• [Your objective]:
Once you find the line with "昨天,从瓜洲渔政码头出发,执法船刚到江口,记者就看到江滩上有一群反嘴鹬和矶鹬。", transcribe it and all the lines that follow to the end of the data, exactly as written; skip any pictures.

• [Dataset content]:
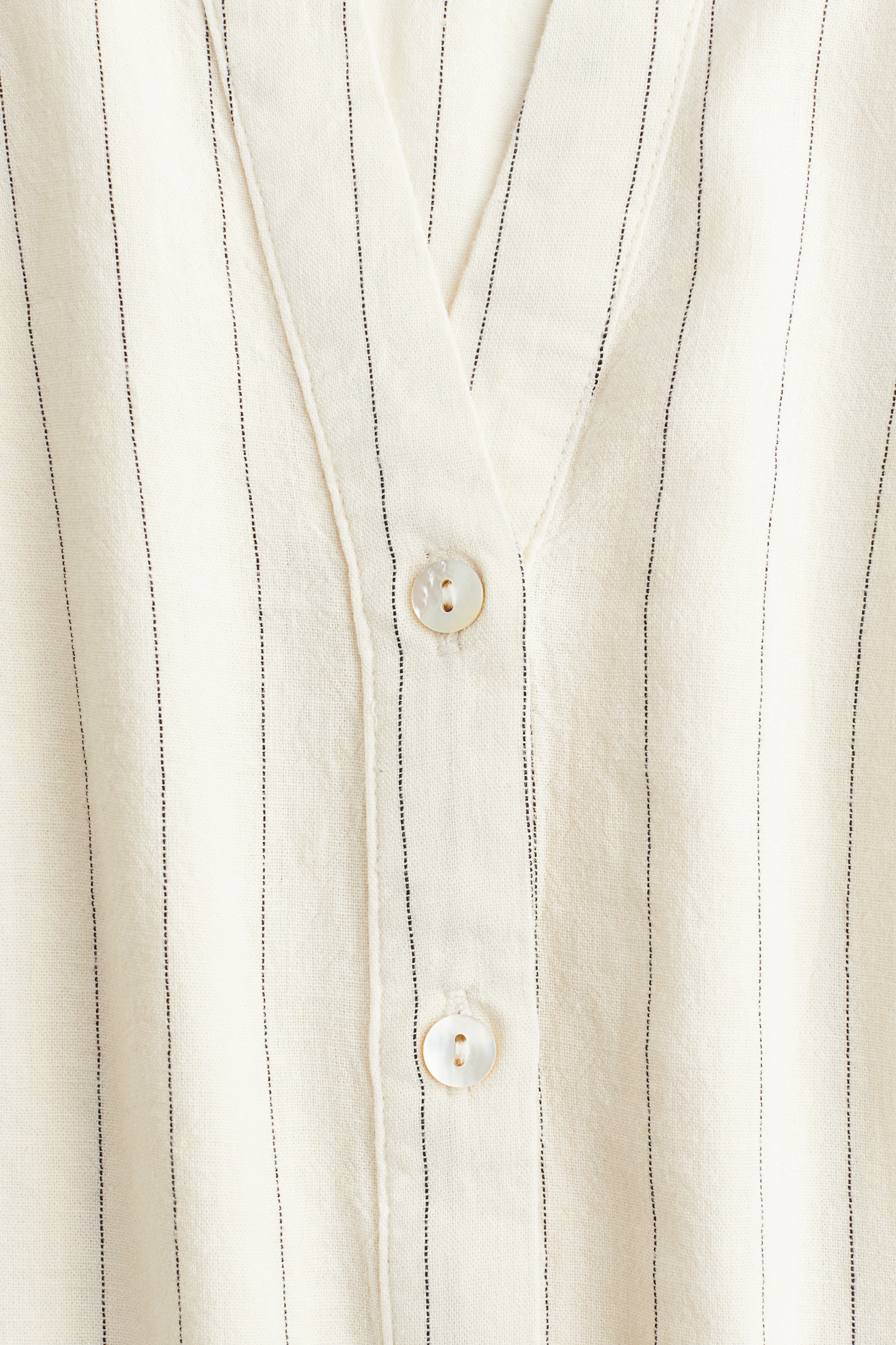 Короткая облегающая безрукавная блузка из тонкой ткани смесового состава лен-вискоза. Модель с V-образным вырезом, без рукавов, на пуговицах спереди. Для красивого силуэта имеет формообразующие вытачки спереди и сзади.
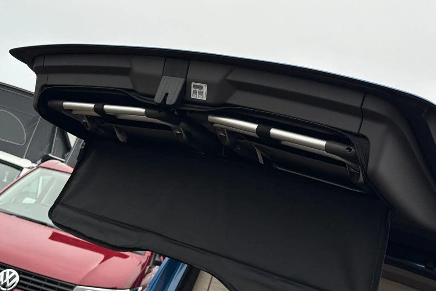Florida Beach Blue Metallic paint with black roof,Roll out awning in black,Retractable towbar with electric release,360° Parking cameras,Rear view camera,Melange bi-color cloth upholstery,LED interior lighting,Trailer hitch with trailer assist pack - California,2 Vehicle keys,18" Toshima silver alloy wheels,Metallic - Florida beach blue with Deep Black Pearl roof,Advanced Parking Pack,5 Plus Promise-Enjoy the remainder of:,5 Years Warranty?,5 Years Roadside Assist?,5 Services?,3 MOTs?,Melange bi-color cloth - Raven black/Sand,65% light absorbing privacy glass,Four speed control for windscreen wipers,Heat and sound insulating laminated safety glass windshield,Heated windscreen,Sliding window in front with fly screen in passenger compartment left/right & fixed window in rear in load passenger compartment at left,Windscreen wiper intermittent control,Standard suspension and shock absorption,Electro hydraulic elevating roof,with three windows including one front passengers panorama opening,canvas in Basalt Grey,Nameplate set California,Rear boot,3rd brake light,Dynamic Light Assist for LED matrix headlights,Illuminated molding between headlamps,Poor weather light including cornering light,Red LED tail lights,Autonomous emergency braking front assist with pedestrian and cyclist monitoring,Front disc brakes,Swerve support and oncoming vehicle braking when turning,Advanced driver attention and drowsiness monitor,Driving profile selection,Lane keeping system Lane Assist,Multifunction camera,PAS,Traffic sign recognition,Turn assist with evasive assistance,High gloss black door mirrors,2x3 point automatic seatbelts at the rear outside with ECE label,with/without belt tensioner,Child locks,Driver and front passenger airbags with front passenger airbag deactivation button,First aid kit with warning triangle and safety vest,Front Assist with pedestrian and cyclist detection,Height adjustable three point automatic seatbelts at front with belt and end fitting tensioners,Side and curtain airbags for driver and front passenger,curtain airbags for outer seats in rear,centre airbag in front,Tyre pressure loss indicator,California on tour app,Mobile phone interface,Preparation for online services,Volkswagen wired and wireless app connect,2 USB-C ports at the front,4 USB-C charging sockets in the passenger compartment,8 Speakers,Digital radio reception (DAB),eCall emergency system,Tailgate with window aperture and with power latching,Digital cockpit pro,Discover Pro Navigation system,Emergency assist,Function control unit,IDA voice assistant and voice enhancer,Additional batteries 2nd and 3rd with voltage transformer NV,Battery without capacity specification,Standard battery/generator,Dark silver brushed decorative inlays,2 single seats with integrated seatbelt and sleeping mat,Armrest on front swivel seats in both sides with electric lumbar support,Front and rear headrests,Heated front seats,Single front passenger seat,Swivel seat on left with height adjustable including drawer,Swivel seat on right with height adjustable including drawer,Camper parking heater for continuous operation & parking heater for windshield defrosting with radio remote control,230V external inlet with charging feature for vehicle batteries,230V inverter with socket on driver seat,Additional interior noise attenuation plus,Darkening roller blinds and thermo mats,Drawers under the outer seats in the cab and passenger compartment & 2 waste bins,Heated steering wheel,Kitchen with outdoor folding table for cooking and roof storage box in dTcor 2,Lockable glove compartment with lighting,Multifunction leather steering wheel with paddle shifters,Plastic floor covering in passenger/load compartment,Surround lighting in door area,Ambient interior lighting,Advanced assistance pack - California,Top package - California,Anti theft alarm system wit
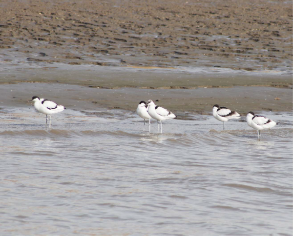 昨天,从瓜洲渔政码头出发,执法船刚到江口,记者就看到江滩上有一群反嘴鹬和矶鹬。
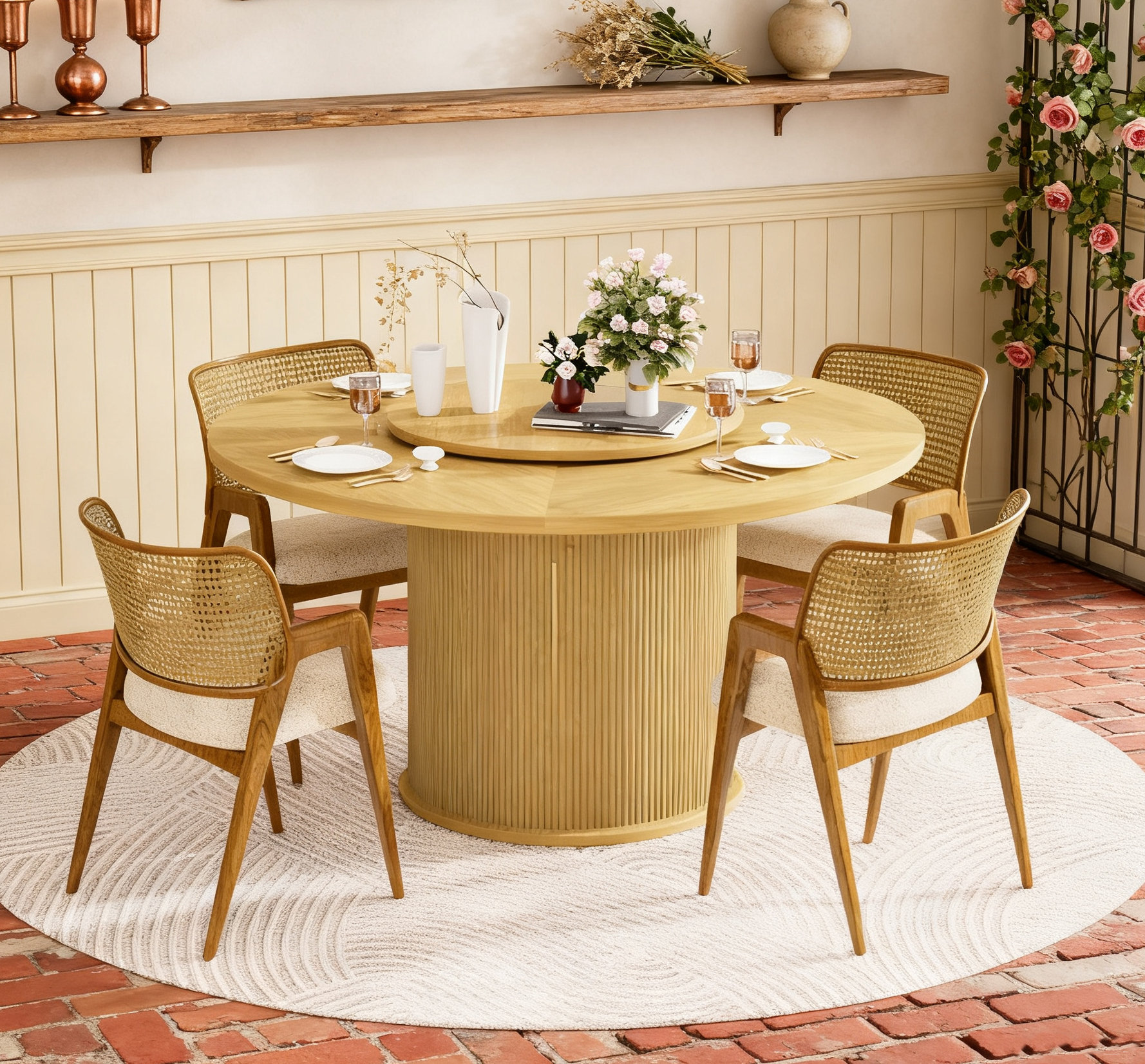 Classic Solid Wood Rotating Round Dining Table for Traditional Dining Rooms

• [Result for this exercise]:
 昨天,从瓜洲渔政码头出发,执法船刚到江口,记者就看到江滩上有一群反嘴鹬和矶鹬。
 Classic Solid Wood Rotating Round Dining Table for Traditional Dining Rooms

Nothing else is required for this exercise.